- Trial Court Law Libraries
An Act establishing the Law of the Road was approved by the Governor of the Commonwealth on February 14th, 1821. It said “That in all cases of persons meeting each other on any bridge, turnpike, or other road, within this Commonwealth, travelling with carriages, waggons, carts, sleds, sleighs, or other vehicle, the persons so meeting, shall seasonably turn, drive and convey their carriages, waggons, carts, sleds, sleighs, or other vehicle, to the right of the centre of the travelled part of such bridge, turnpike, or road, so as to enable each other’s carriages, waggons, carts, sleds, sleighs, or other vehicle, to pass each other, without interference or interruption.”
This was the first time that it became the law to drive on the right. Well before the automobile came on the scene.
Nineteenth century case law reveals that winter road conditions obscured the location of the road in some cases.
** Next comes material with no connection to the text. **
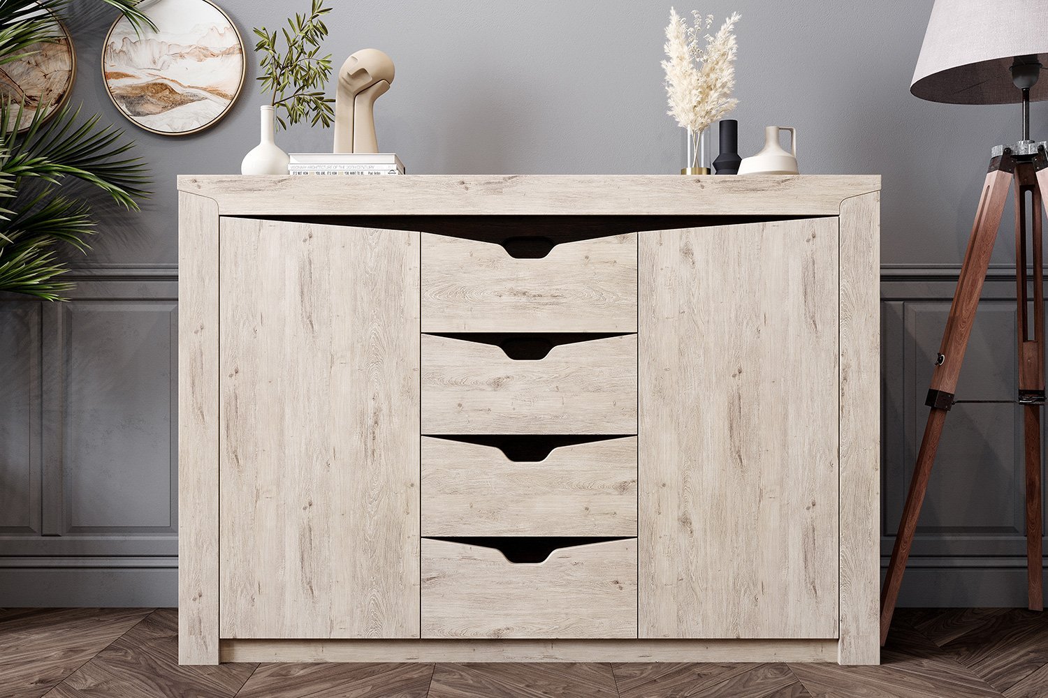 Тумба с 4 ящиками и 2 дверцами "Соренто" спальня Дуб бонифаций

It was not obvious where the center of the road was to be found, nor was it clear that a vehicle needed to stay to the right. The Judge in Jaquith v. Richardson, 49 Mass. 213 (1844) opined “when that part of a road which is wrought for travelling is hidden by snow, and a path is beaten and travelled on the side of the wrought part, persons meeting on such beaten and travelled path are required to drive their vehicles to the right of the middle of such path.”
“In an action of trespass, the plaintiff alleged that the defendant, at Stoneham, on the 24th of March 1843, made an assault upon him, and with a certain stage or sleigh drawn by four horses, did direct and guide the same horses against the sleigh of the plaintiff, in which he was then and there sitting, and did drive said horses against the plaintiff’s said sleigh, and overturned the same, and greatly injured the plaintiff.”
– Jaquith v. Richardson, 49 Mass. 213 (1844)
A caption on a 1903 image in The New York Public Library Digital Collections reads “But the problem will be solved when the automobile supersedes the horse.”